More than £22 million has been spent on accommodation for asylum seekers on the Bibby Stockholm barge so far, the Home Office’s top official revealed on Wednesday.
The "eye-watering" cost has been confirmed a day after a man was found dead on the vessel moored in Portland Port, Dorset, prompting calls for migrants to be moved off.
The barge has capacity for 500 people but fewer than half that number are currently housed there.
Home Secretary James Cleverly has promised an investigation into the death.
In a letter to MPs, Home Office permanent secretary Sir Matthew Rycroft said the "vessel accommodation services" portion of the contract, which relates to the barge, was £22,450,772.
He added that an assessment of whether it offered value for money, and the latest "per person per night" costs, were "currently being updated”.
The amount was set out in a letter to the Home Affairs Committee’s chairwoman Dame Diana Johnson, and relates only to the contract for CTM to provide "bridging accommodation and travel services".
The £22,450,772 figure was contained in a variation to the contract with CTM – worth almost £1.6 billion over two years – to provide hotels and travel for asylum seekers.
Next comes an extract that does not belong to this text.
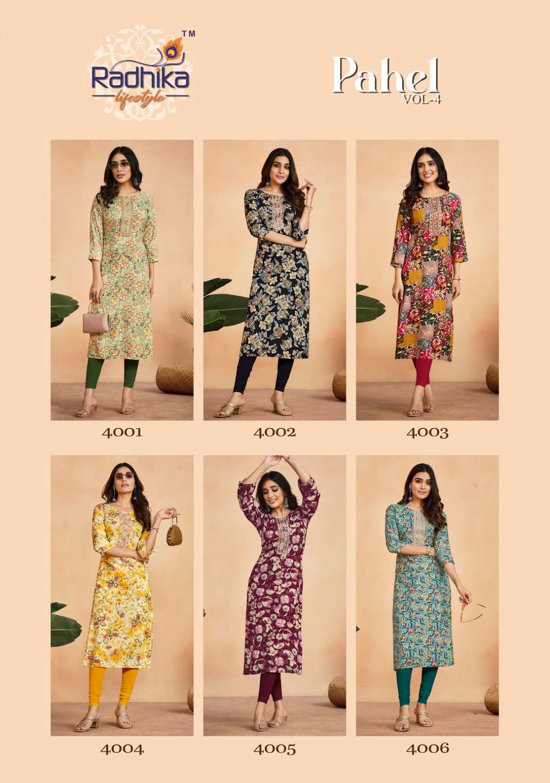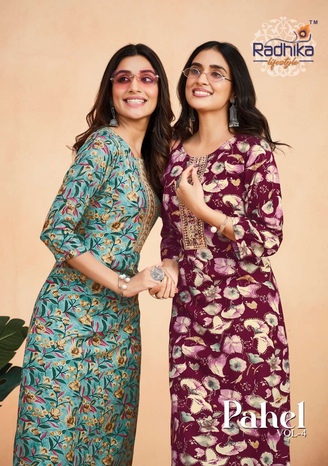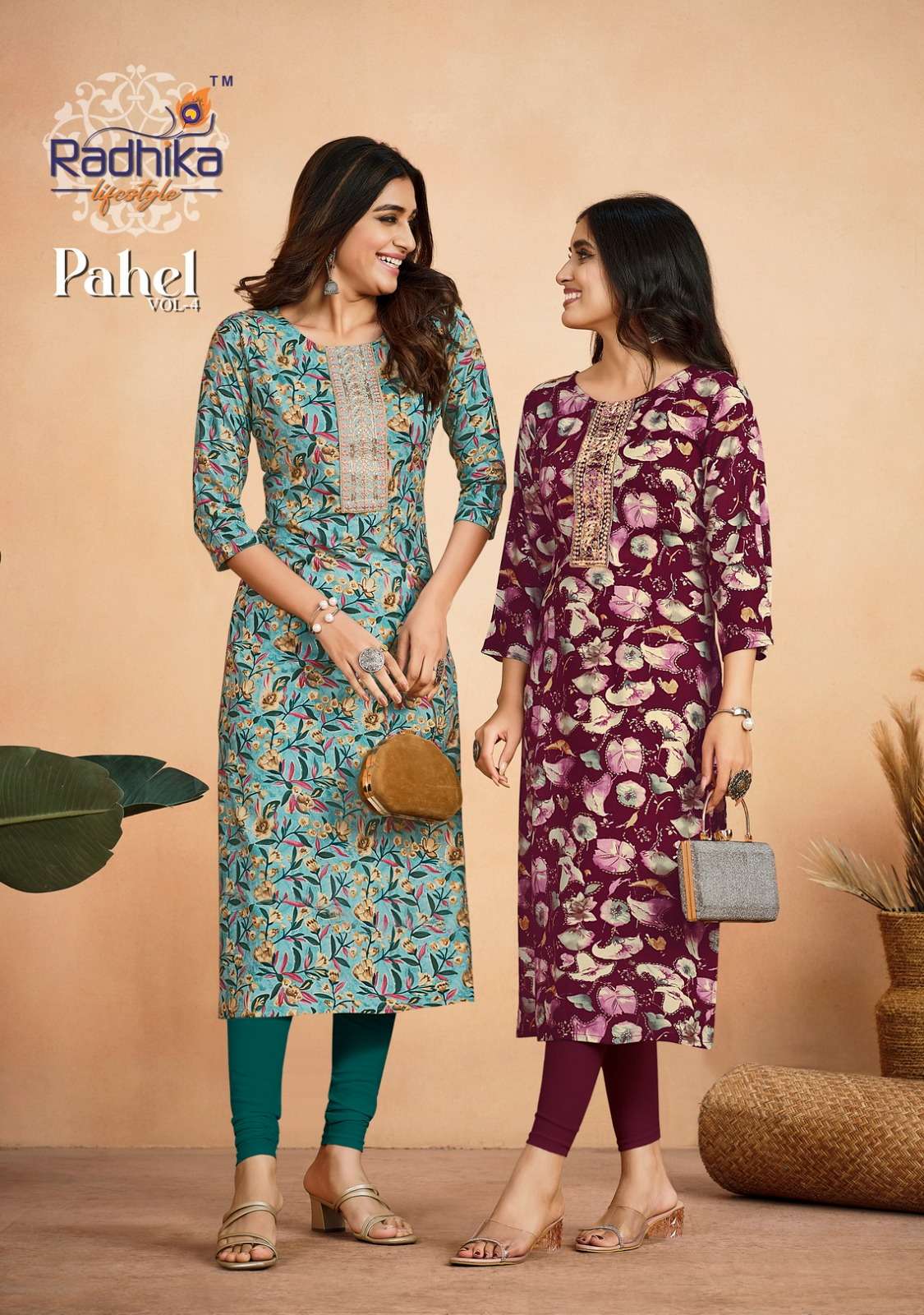 pahel vol 4 by radhika lifestyle fancy rayon print stitch kurtis online supplier

As well as the payment to CTM for providing accommodation services on Bibby Stockholm, the Government is also paying Dorset Council £3,500 per occupied bed on the vessel.
The council has also received almost £380,000 in a one-off grant to help support local charity and voluntary organisations provide services on board.
But immigration delivery minister Tom Pursglove argued it was "undoubtedly" cheaper than housing asylum seekers in hotels.
Dame Diana said she was "just flabbergasted that a value-for-money assessment was not carried out at the time that the contract was let".
Mr Pursglove told her it was being "updated" and added: "This is undoubtedly a more cost-effective way of providing accommodation."
Shadow home secretary Yvette Cooper said: “Today’s admissions from the Home Office show the truly appalling scale of Tory failure and chaos, including a disastrously low level of enforcement in the asylum system."
She said the £22 million cost for Bibby Stockholm was an “eyewatering” figure.
“We can’t continue with this damaging and costly chaos,” Ms Cooper said.
Sir Matthew’s letter to the committee also showed that, since 2020, just 1,182 people who arrived on small boats across the Channel had been returned to their home country out of a total of more than 111,800 who have arrived in that time period.
The majority of those were Albanian – a country with which the UK has a returns agreement – and there were only 420 who were sent back to other countries.
Tory deputy chairman Lee Anderson asked: “Is that an acceptable figure?”
Illegal migration minister Michael Tomlinson told him: “I want to see those figures as high as possible … as far as I’m concerned the numbers need to be significantly higher than they are.”
Mr Pursglove also told MPs he was “confident” the Home Office would meet Rishi Sunak’s target to clear the backlog of so-called “legacy” asylum cases – applications made before June 28 2022 – by the end of the year.
“I believe we will fulfil it and I also believe we will see these grant rates come down”, he said.
The Bibby Stockholm, along with former military bases, began being used to house small numbers of migrants in August after the Government's hotel bills topped £8 million each day, earlier this year.
Following the death on Tuesday, South Dorset MP Richard Drax described the incident as a "tragedy born of an impossible situation" and said he had been told by Government officials that the man was believed to have taken his own life.
Video footage appeared to show a body being removed from the barge on Tuesday afternoon. The age and nationality of the man and further details of the incident are yet to be confirmed
The mayor of Portland, Carralyn Parkes, said asylum seekers described the conditions on Bibby Stockholm as “appalling” with airport-style security, tight space, bad food and fear of reprisals if they were to speak out.
She added: “I think we should desist using things like the Bibby Stockholm as a place to accommodate human beings. It’s totally unsuitable, it’s not fit for purpose.”
Steve Smith, the chief executive of Care4Calais, called on the Government to “take responsibility for this human tragedy”, adding: “They have wilfully ignored the trauma they are inflicting on people who are sent to the Bibby Stockholm, and the hundreds being accommodated in former military barracks.”
Charity Freedom from Torture said the incident was “another reminder that the Government’s punitive anti-refugee policies are not only cruel but they cost lives”, adding: “It’s time this Government ends the use of barges and barracks as asylum accommodation once and for all.”
Amnesty International UK said it was “time for the UK to drastically change course on asylum” and the Jesuit Refugee Service UK (JRS UK) repeated calls for the barge to close.